» WHAT NEEDS TO BE DONE
Below are records; please write out exactly the lines from the first line through the line containing "3 Click a point", with no pictures.

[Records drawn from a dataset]
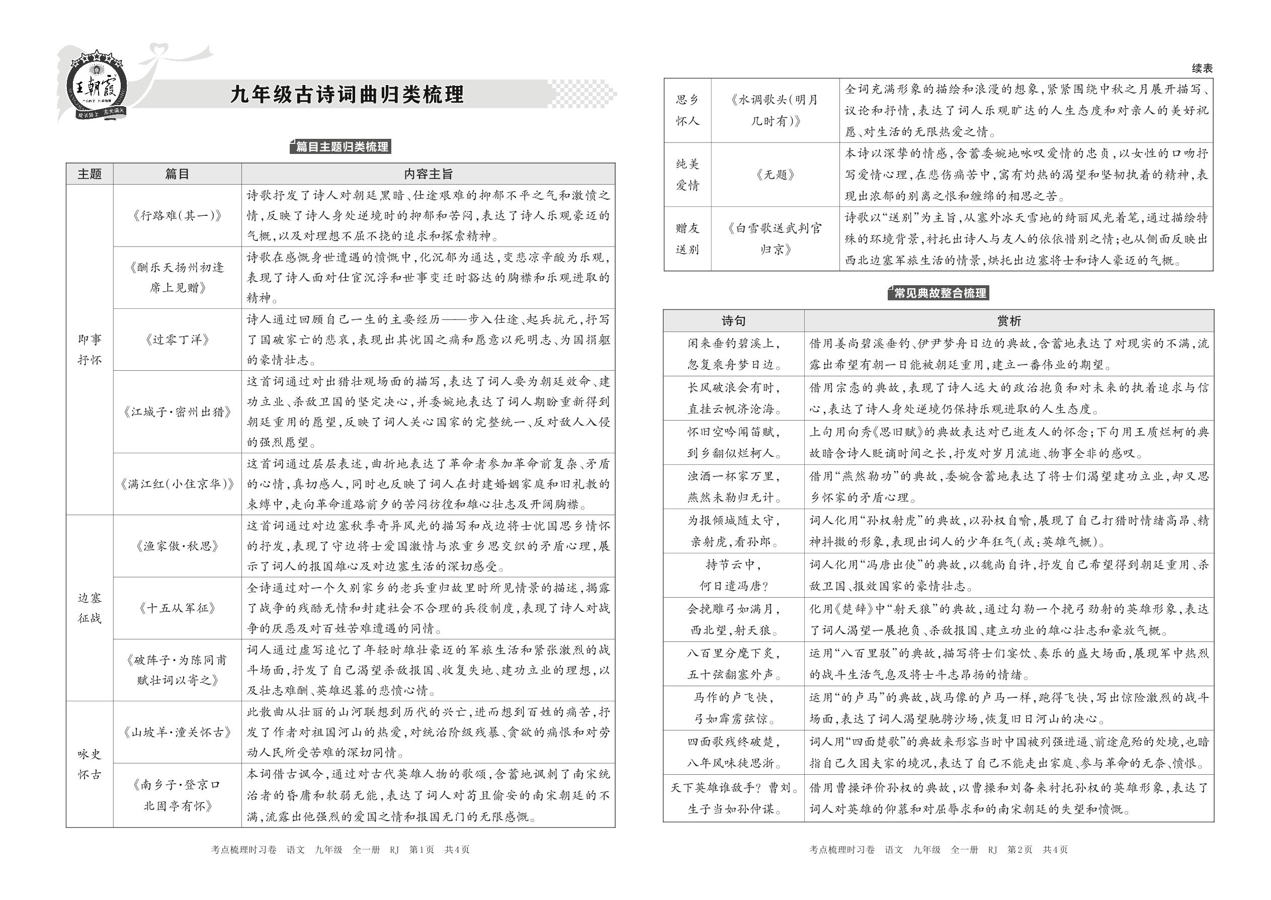 2023-2024学年九年级语文人教版 九年级古诗词曲归类梳理(8月版)
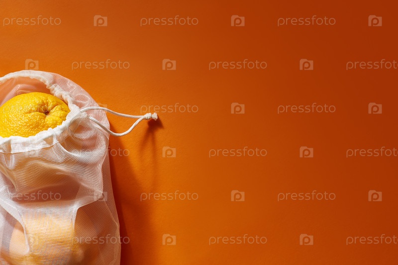 Нулевой отход. Сумка со спелыми апельсинами. Покупки без пластика. Экологически чистый. Copyspace
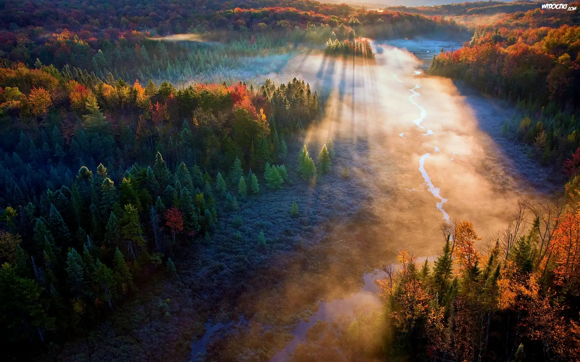 Jesień, Las, Rzeka, Mgła, Promienie Słońca, Z Lotu Ptaka
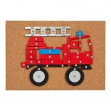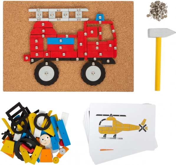 Opsežan kreativni set za igru s tematikom prometa, koji sadrži podlogu od pluta, drveni čekić i mnogo drvenih dijelova različitih oblika i boja. Pomaže razvijati kreativnost, spretnost i koordinaciju ruke i oka.
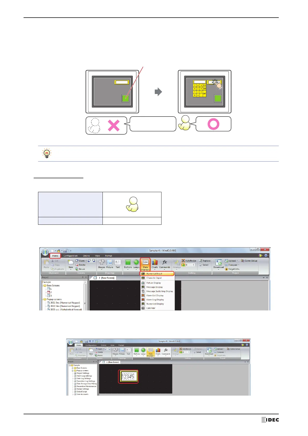3 Click a point on the edit screen where you want to place the Numerical Input.
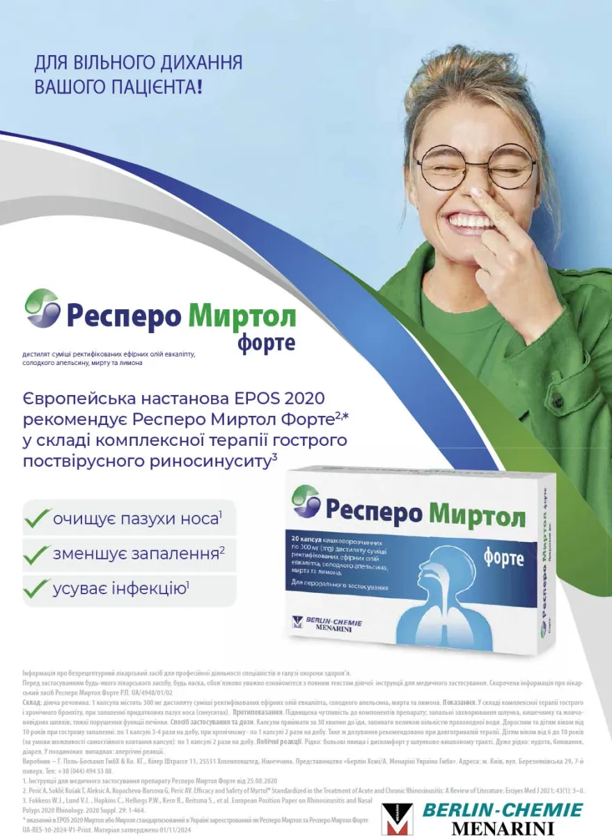 Отже, сучасний підхід до лікування риносинуситу ґрунтується на відмові від необґрунтованої антибіотикотерапії на користь патогенетичного лікування з підтримкою мукоциліарного транспорту. Більшість випадків риносинуситу має вірусну природу й минає без лікування антибіотиками. Респеро Миртол дає змогу досягти покращення без ризику антибіотикорезистентності та руйнування мікробіому. Дотримання клінічних рекомендацій, виважений підхід до антибіотиків, раннє призначення патогенетичної терапії покращують результати лікування та мінімізують ускладнення в педіатричній практиці.
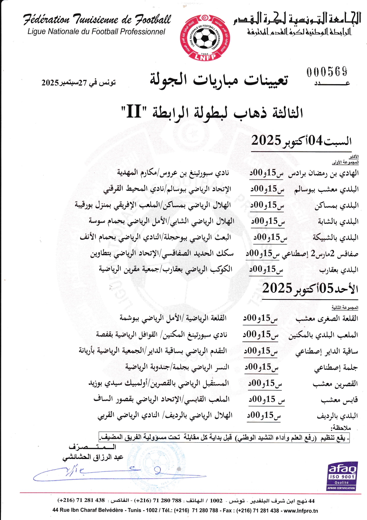 تعيينات مباريات الجولة 3 ذهاب لبطولة الرابطة « II »
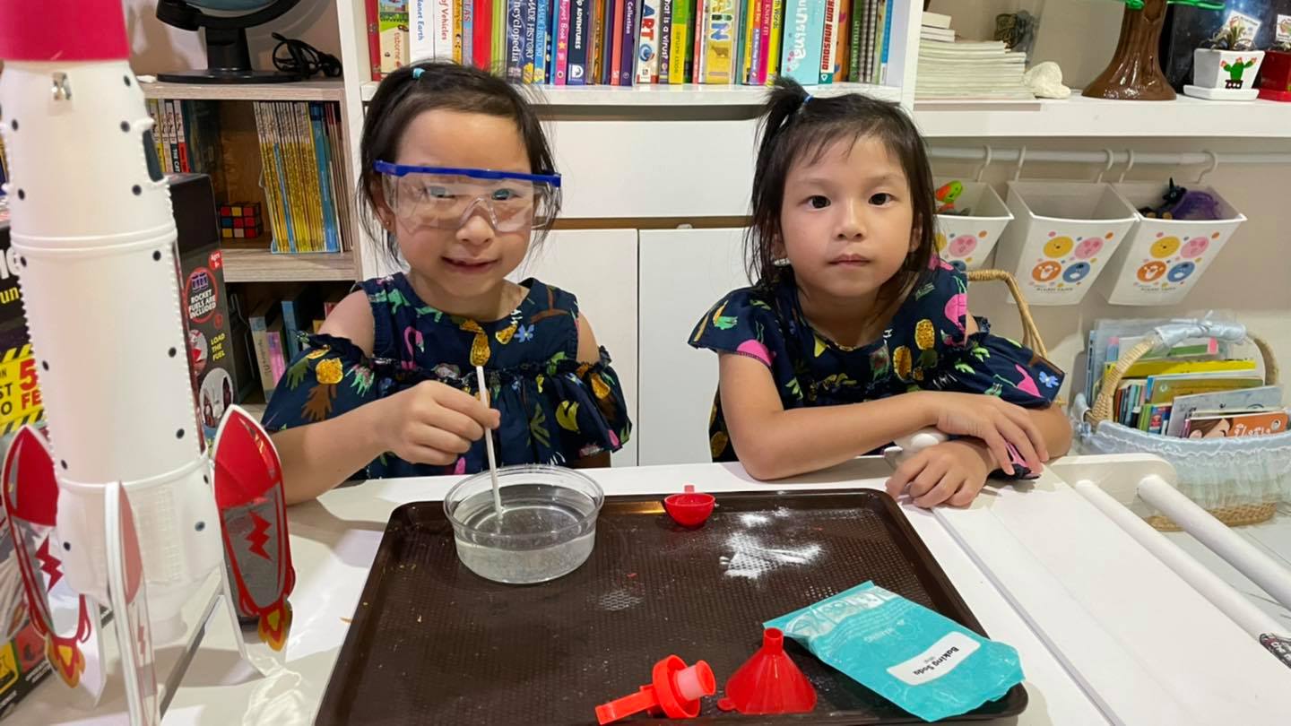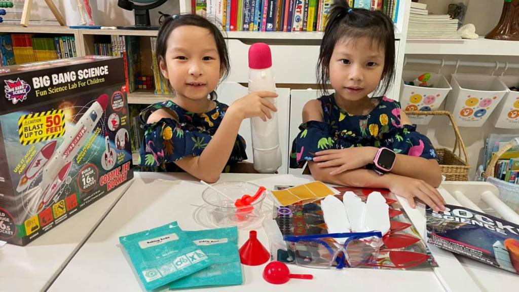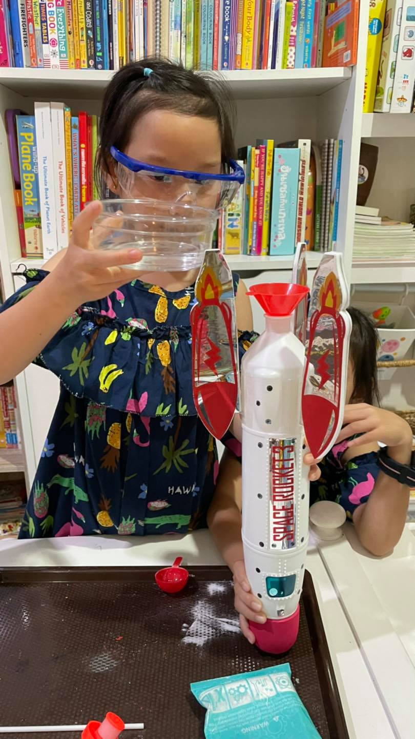 ในกล่องจะมีจรวดมาให้เด็กๆประกอบเอง อุปกรณ์เตรียมเชื้อเพลิง นั้นก็คือแรงดันที่จะทำให้จรวดพุ่งขึ้นบนท้องฟ้าได้ค่ะ โดยจะใช่ critics acid กับ baking soda ทำปฏิกิริยากัน ในชุดจะมีสารเคมีมาให้เล่นได้ 3 รอบ แต่พอหมดก็เอาที่เคยเล่นภูเขาไฟลาวามาเติมเล่นได้เรื่อยๆค่ะ ชอบกันอีกแล้ว

» SOLUTION
 2023-2024学年九年级语文人教版 九年级古诗词曲归类梳理(8月版)
 Нулевой отход. Сумка со спелыми апельсинами. Покупки без пластика. Экологически чистый. Copyspace
 Jesień, Las, Rzeka, Mgła, Promienie Słońca, Z Lotu Ptaka
 Opsežan kreativni set za igru s tematikom prometa, koji sadrži podlogu od pluta, drveni čekić i mnogo drvenih dijelova različitih oblika i boja. Pomaže razvijati kreativnost, spretnost i koordinaciju ruke i oka.
3 Click a point on the edit screen where you want to place the Numerical Input.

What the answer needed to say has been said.